What is being asked -
Could you set down the lines from the first line of the entries below through the line with "Elegantní dámské sako", exactly and with no pictures?

═════ Supplied data

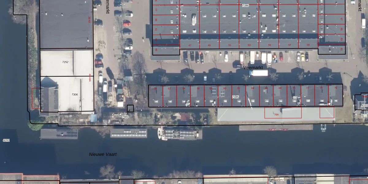 Veemarkt 54 is gelegen op kadastraal perceel ASD02A7345. Deze kadastrale aanduiding is uniek en wordt gebruikt door het Kadaster om eigendomsrechten en andere zakelijke rechten vast te leggen. Het perceel maakt onderdeel uit van de kadastrale gemeente Amsterdam.
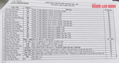 Danh sách phân công chuyên môn năm học của Trường thì việc giảng dạy của Hiệu trưởng và Phó Hiệu trưởng không có lịch cố định, không xác định rõ môn học, tiết học, không xây dựng kế hoạch dạy học và bài soạn theo quy định... Ảnh Hoàng Phúc |
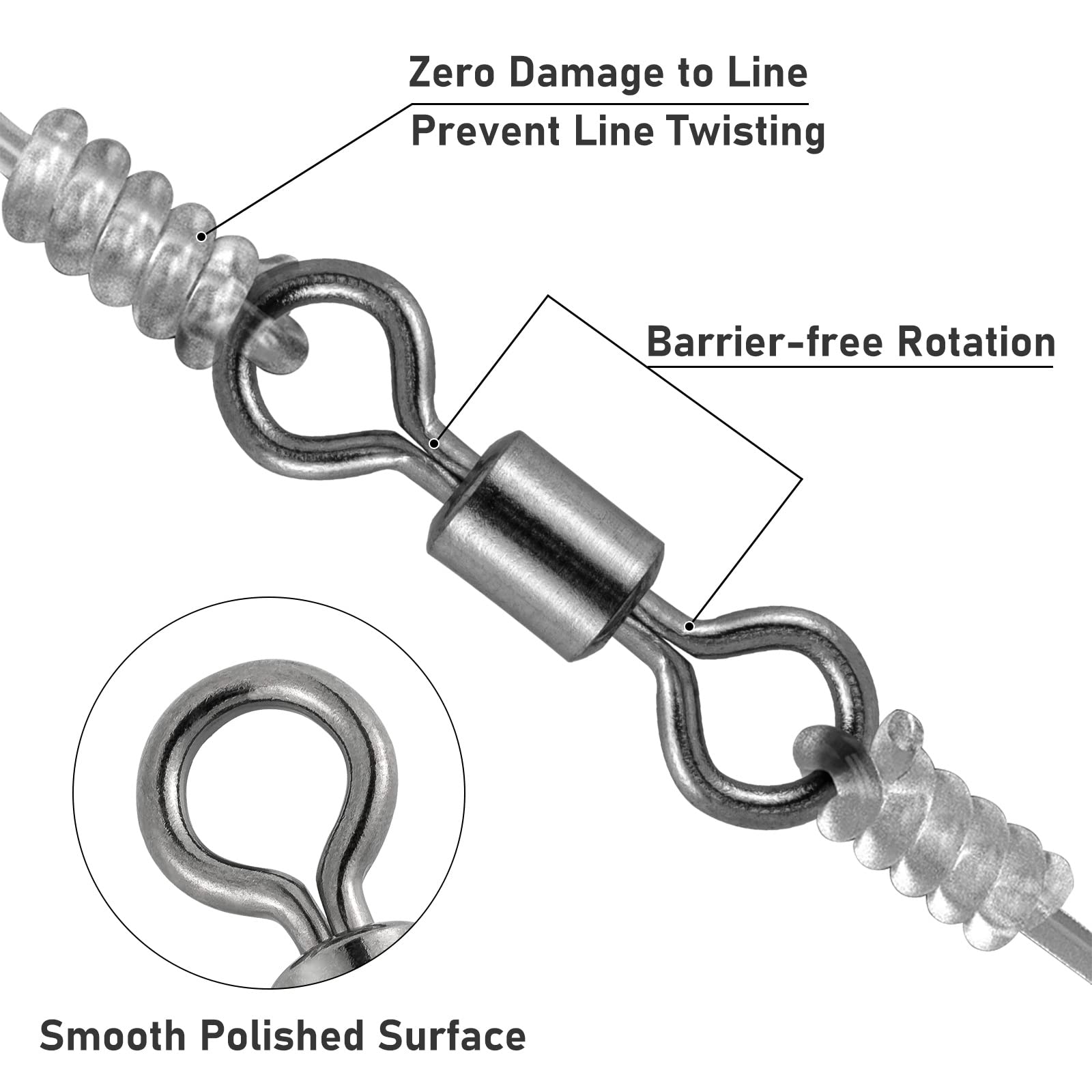 - SMOOTH & 360° ROTATE. Polished surface and the barrel body is precisely cut without flaw left inside, ensure 360° rotate smoothly, effectively prevent fishing line from twisting and being cut.
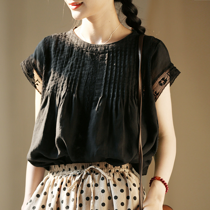 淘宝谷家出品 [每周二上新],谷家 轻薄苎麻甜美花边拼接无袖上衣 重工压褶黑色显瘦圆领小衫女
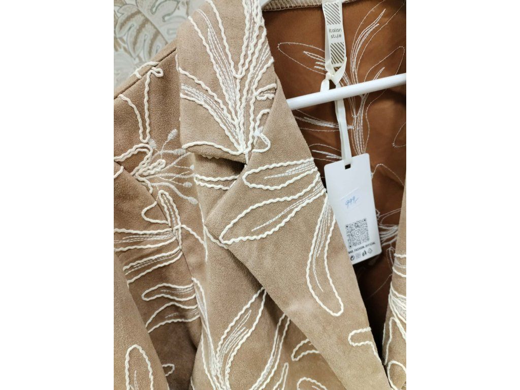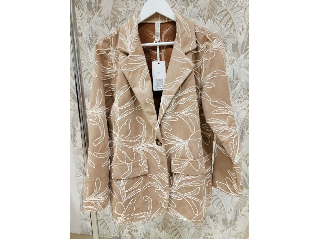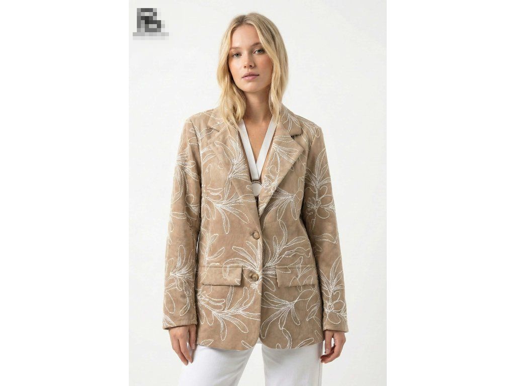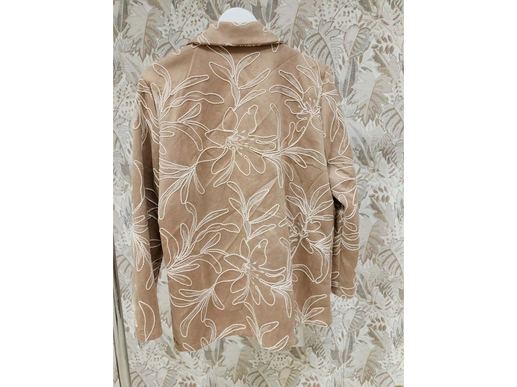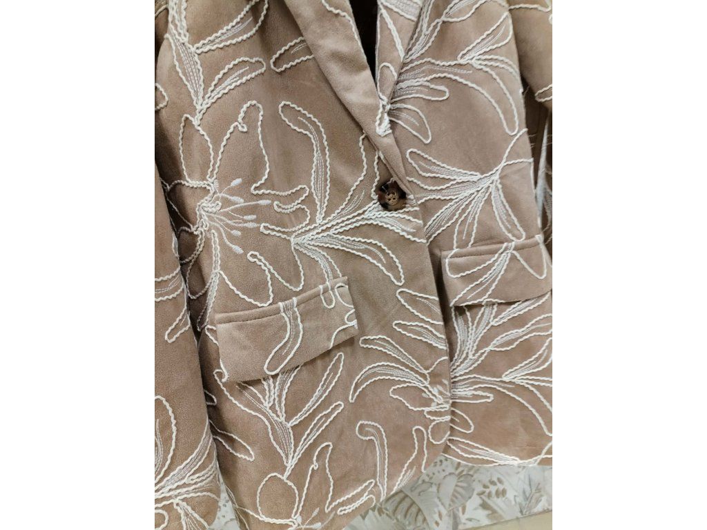 Elegantní dámské sako v jemném béžovém odstínu zaujme na první pohled svým originálním vyšívaným květinovým vzorem. Má klasický střih s límcem, zapínání na knoflíky a praktické kapsy, díky čemuž působí nadčasově a zároveň moderně. Příjemný materiál a pohodlný střih z něj dělají ideální kousek pro každodenní nošení i slavnostnější příležitosti. Skvěle se kombinuje s kalhotami, džínami i šaty a snadno doladí každý outfit.
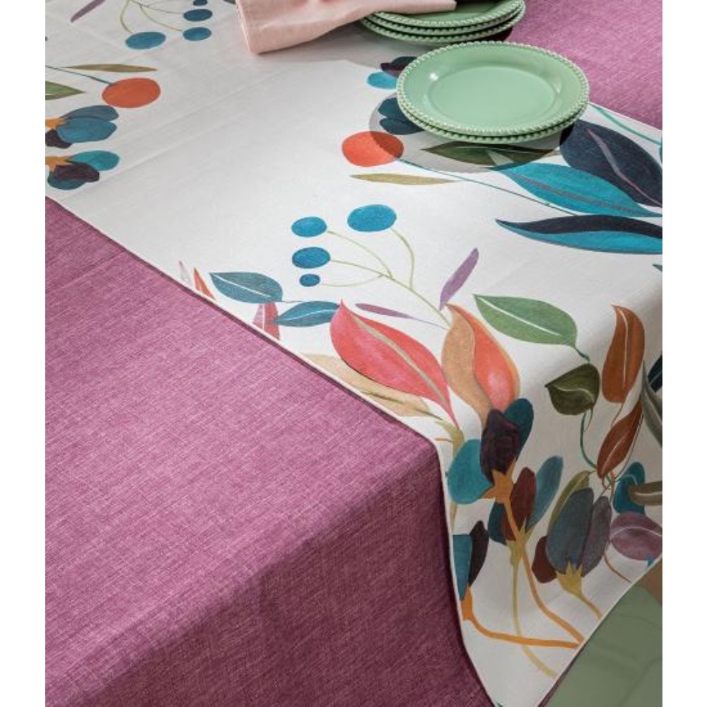 Tablecloths in stain-resistant and waterproof yarn: soft, nice to the touch, 100% made in Italy, to furnish interiors with style and functionality. With exclusive decorations, they are available for 4, 6, 8, 10 or 12 places or as 2-place runners and they can be combined with napkins of plain linen and cotton.
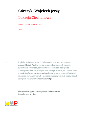 WOJCIECH JERZY GÓRCZYK LOKACJA CIECHANOWA Abstrakt Na wzgórzu farnym znajdow ał się gród kasztelański. Gród funkcjonow ał już w XI w .1 Pierwszy kasztelan ciechanowski jest poświadczony przez dokument, w którym książę Siemowit I nadaje biskupowi płockiemu wieś Proszkowo z 1 254 r.2, jest nim Rathiborius. Z XIV w. pochodzi pierwsza w zm ianka o p a ra fii ciechanow skiej. Kościół p a ra fia ln y został wzniesiony na wzgórzu farnym w pobliżu grodu kasztelańskiego. Był to kościół drewniany a od XVI w., murowany (Pseudobazylika). W połowie XIV w. Ciechanów otrzymał prawo targu a w roku 1400 prawa miejskie. Słowa kluczowe: Ciechanów, prawa miejskie, prawo chełmińskie, prawo targu 1. Poglądy na lokację Ciechanowa z poł. XIV w. U podnóża wzgórza farnego znajdow ała się osada, dla której gród kasztelański zapewne pełnił funkcję refugialną. Pewnym problemem jest ustalenie, kiedy Cie chanów otrzymał prawa miejskie3. Właściwie do połow y XX wieku wszyscy historycy byli zgodni, że prawa miejskie otrzymał w roku 1400, można tutaj wspomnieć choćby o Marianie Gumowskim4. W II połowie XX wieku pojawiła się hipoteza, ja koby owe prawa m ógł otrzymać wcześniej. Jed nymi z pierwszych historyków, którzy podnieśli taką hipotezę, w formie popularnonaukowej, byli Józef Kazimierski i Stanisław Pazyra. J. Kazimier ski w artykule opublikowanym w 1965 r.5 stwier dził, że pierwotna lokacja miała miejsce w poło wie XIV w. w rejonie dzisiejszego Placu T. Ko ściuszki. Na łam ach tego samego wydawnictwa taką samą hipotezę zgłosił Stanisław Pazyra6. J. Kazimierski jeszcze w 1957 r. w artykule opublikowanym wspólnie z Danielą Warecką- Kosacką na łam ach „N otatek Płockich" uważał, iż lokacja z roku 1400 była jedyną lokacją Ciecha nowa7. Trudno stwierdzić co go skłoniło do zmia ny poglądów. Możliwe, że J. Kazimierski zmienił poglądy pod wpływem S. Pazyry. Zdaniem S. Pazyry argum entem za lokacją Ciechanowa w poł. XIV wieku, ma być fakt, że Czerwińsk i Sochocin otrzym ał prawa miejskie jeszcze przed rokiem 1400 a Ciechanów m iał wyższą rangę od tych miast8. Te same argumenty powtórzył Aleksander Kociszewski9. Jednak fakt, że Sochocin i Czerwińsk otrzy m ały prawa miejskie przed rokiem 1400, w żad nym wypadku nie dowodzi, że Ciechanów rów nież musiał takie prawa otrzymać. Zarówno w przypadku Sochocina jak i Czer wińska o otrzym aniu praw m iejskich zdecydo wała osoba właściciela a nie ranga osady. 8 Sochocin otrzymał prawa miejskie w 1 385 r. Jak słusznie zauważa M ichał M arian G rzybow ski: „ W p r z y p a d k u S o c h o c i n a o n a d a n i u o s a d z ie , b ę d ą c e j w s ią , p r a w m ie js k ic h z d e c y d o w a ł a w d u ż e j m ie r z e o s o b a w ła ś c ic ie la .( ...) K s ią ż e m a z o w ie c k i J a n u s z I, z w a n y S ta r s z y m , w y n a g r a d z a j ą c z a s ł u g i D o b i e s ł a w a , k a s z t e la n a k r u s z w ic k ie go, i je g o s y n a K r z e s ła w a , d z ie d z ic ó w c h o c in , p o d p i s a ł 7 p a ź d z ie r n ik a w si S o 1 3 8 5 r ( ...) d o k u m e n t lo k a c y j n y 1" '0. Podobna sytuacja zaistniała w Czerwińsku. Czerwińsk w XIV w. był podzielony osadniczo na dwie części: w sch o dnią-bisku pią i z a ch o d n ią klasztorną, należącą do Opactwa Kanoników Re gularnych, sprowadzonych do Czerwińska przez biskupa Aleksandra z M olonne na początku XI w 11. W tym wypadku inicjatorem nadania praw miejskich był Biskup Płocki, Stanisław. Dzięki jego staraniom, książę Siemowit III wydał przywilej lo kacyjny, ale tylko dla części biskupiej, w 1373 r., zaś Kanonicy Regularni nie wystąpili z takimi sta raniami do władcy, pomimo iż Opactwo w Czer wińsku, jak pisze Agnieszka Kowalczyk: „ b y ło n a j b o g a ts z y m k la s z t o r e m m a z o w ie c k im , w y r a ź n ie d y s ta n s u ją c y m ( . .. ) k la s z t o r b e n e d y k ty ń s k i ś w . W o j Część klasztorna, otrzymała prawa miejskie dopiero w 1582 r. O ba te przypadki (Czerwińska i Sochocina) pokazują, że decydujący wpływ na nadanie praw miejskich ma osoba właściciela a nie ranga osa dy. W Ciechanowie, w tym czasie, nie było oso by, która m ogła by zabiegać o nadanie takich praw, bądź osoby, której zasługi skłoniłyby księ cia do nadania przywileju lokacyjnego. Hipoteza J. Kazimierskiego i S. Pazyry o pier w otnej lokacji C iechanow a w poł. XIV w. nie wytrzymuje także krytyki naukowej. Po pierwsze w rejonie dzisiejszego Placu T. Kościuszki nie ma śladów regularnej zabudowy, co więcej taka za bu dow a w tym re jo n ie jest n ie m o żliw a ze c ie c h a w s t o łe c z n y m P ło c k u " ]7. NOTATKI PŁOCKIE » 2013 » 4 /2 3 7 względu na naturalne ukształtowanie terenu. W związku z tym należy zauważyć, iż lokow anie miasta na terenie, który nie nadaje się do regu larnej zabudowy byłoby zupełnie nie zrozum ia łe, przecież jednym z celów lokacji miasta jest właśnie uregulow anie zabudowy. N ieregularna zabudow a, jaka występuje w o kół Placu T. Ko ściuszki, jest charakterystyczna dla miast przedlokacyjnych. Drugim argum entem przeciw hipotezie Kazi m ierskiego i Pazyry jest miejsce fundacji klasz toru Augustianów. W II poł. XIV w. książę Siemowit III wraz z żoną Eufemią ufundował klasz tor Augustianów w Ciechanowie13. Jednak klasz to r ten nie stanął w rejonie Placu T. Kościuszki, ale w rejonie dzisiejszego skweru Tajnej O rg a nizacji Nauczycielskiej. Klasztory Augustianów są zakładane w m iastach, dlaczego więc w C ie chanowie klasztor m iałby zostać wzniesiony poza miastem? Biorąc pod uwagę powyższe argum enty, a więc bra k śladów regularnej zabudow y w o kół Placu T. Kościuszki (a także brak regularnej za budowy w ogóle w Ciechanowie do roku 1400), fakt, że regularna zabudowa w tym rejonie jest w ogóle niemożliwa, jak i fakt, że klasztor A 
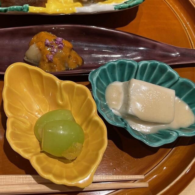 左:伊勢海老 右:ホッキ 奥:玉子豆腐にウニ
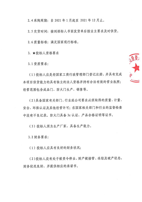 2021年1月-2021年12月雅安城市建設(shè)投資開發(fā)有限公司成品門、防火門集中采購(第二次)競爭磋商公告
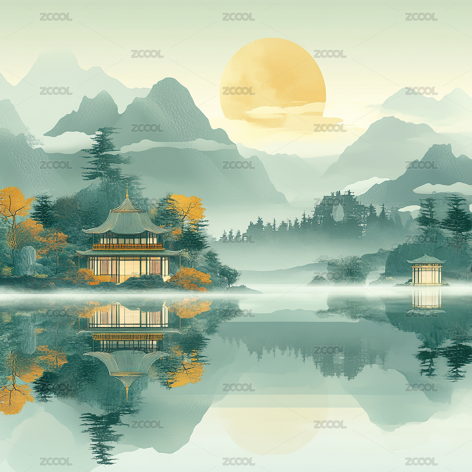 中国,艺术,插画,装饰,设计,背景,文化,水墨,水彩,古典
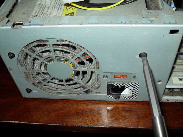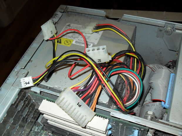 La fuente de alimentación no demasiado difíciles de identificar o de abeja. Desde el exterior de la caja, se puede saber dónde está debido al gran fan y el zócalo en donde conecta el cable de la computadora (Foto 1). En la mayoría de los casos es un interruptor cerca del zócalo y del ventilador. Una vez dentro, usted también podrá ver que la fuente de alimentación es una gran caja gris con un paquete grande de alambres multicoloras sobresale (Foto 2).

══════════

Result for this exercise -
 Veemarkt 54 is gelegen op kadastraal perceel ASD02A7345. Deze kadastrale aanduiding is uniek en wordt gebruikt door het Kadaster om eigendomsrechten en andere zakelijke rechten vast te leggen. Het perceel maakt onderdeel uit van de kadastrale gemeente Amsterdam.
 Danh sách phân công chuyên môn năm học của Trường thì việc giảng dạy của Hiệu trưởng và Phó Hiệu trưởng không có lịch cố định, không xác định rõ môn học, tiết học, không xây dựng kế hoạch dạy học và bài soạn theo quy định... Ảnh Hoàng Phúc |
 - SMOOTH & 360° ROTATE. Polished surface and the barrel body is precisely cut without flaw left inside, ensure 360° rotate smoothly, effectively prevent fishing line from twisting and being cut.
 淘宝谷家出品 [每周二上新],谷家 轻薄苎麻甜美花边拼接无袖上衣 重工压褶黑色显瘦圆领小衫女
 Elegantní dámské sako v jemném béžovém odstínu zaujme na první pohled svým originálním vyšívaným květinovým vzorem. Má klasický střih s límcem, zapínání na knoflíky a praktické kapsy, díky čemuž působí nadčasově a zároveň moderně. Příjemný materiál a pohodlný střih z něj dělají ideální kousek pro každodenní nošení i slavnostnější příležitosti. Skvěle se kombinuje s kalhotami, džínami i šaty a snadno doladí každý outfit.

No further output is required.